Will you plz give a short description of every version?


#6

[quote=", post:, topic:"]

Thanks all guys specially admin for refering cool software.

Asad i know offline exploer and many other software like it but i want a software that take original files to use for any other site, for example if i like any wordpress based site theme and i wanna use it for my blog then i will copy whole theme and use it, its simple

Hope now you will understand my need.

[/quote]

you mean you wanna rip someone’s wordpress theme :D well it is easy if the guy hasnt protected his wp-content directory but if he has its not possible

there are many free themes available on the net use them


#7

SaadIbrahim What you mean by protected theme ?

I protect my folders by just putting a simple .html file with redirector, as i know there is a way to protect folders by cpanel but i dont know, if you plz tell how to do it then plz tell me, i wll be very thankfull.

KO (admin) dear will you plz tell me which HtTrack Version i have to download, as there are many different versions with different needs and i dont know which one to downlaod.

Will you plz give a short description of every version?

Also if a folder is protected can we crawl it by HtTrack ?


#8

A website crawler can only access publicly viewable folders.

If you're trying to 'copy' a theme, it won't be able to do that either, as php files (in the case of wordpress) are executed on the server, and only the resulting output is sent through.

With CSS, PHP and Perl and other scripts so common on websites, it's no longer possible to 'copy' a website - all you'll get is the html and the css, which is a small part of a modern website.

As far as what version to download, I can't explain any simpler that what is already up on the httrack site. Just ask someone what version of Windows you are running and that is all the info you need.


#9

[quote=", post:, topic:"]

SaadIbrahim What you mean by protected theme ?

I protect my folders by just putting a simple .html file with redirector, as i know there is a way to protect folders by cpanel but i dont know, if you plz tell how to do it then plz tell me, i wll be very thankfull.

KO (admin) dear will you plz tell me which HtTrack Version i have to download, as there are many different versions with different needs and i dont know which one to downlaod.

Will you plz give a short description of every version?

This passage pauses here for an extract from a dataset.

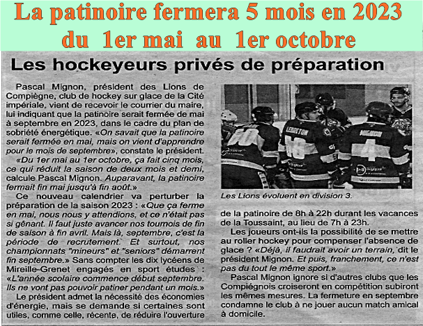 En effet, quelques mois auparavant, la veille de jouer un match à domicile contre Amneville, des fuites de fréon apparurent et le directeur de la patinoire interdit de jouer le match. Du coup la FFSG demanda au club de Compiègne de se retirer de la Division 2, quoi qu’il arrive sur le plan sportif. Ce fut un véritable coup dur puisque, à cause de cette fermeture, le club subira une perte de plus de 100 licenciés.

Also if a folder is protected can we crawl it by HtTrack ?

[/quote]

i said protected wp-content folder which can be done by making a html file in the folder or creating an htaccess file or using this plugin for wordpress (i am using this method)


#10

So it means i cant get WP Theme, its ok

Thanks guys for helping and suggestion.

Can anyone tell which commands to use in .htaccess to protect directory? as its not related with main topic but i hope you will help...


#11

This is best application i ve used so far (for windows): http://download.httrack.com/cserv.php3?File=httrack.exe

It gets you everything


#12

yeah httrack is the best. i have been using it since my uet days.


#13

Thanks guys let me give httrack a try, hope it will work as most guys recommended it.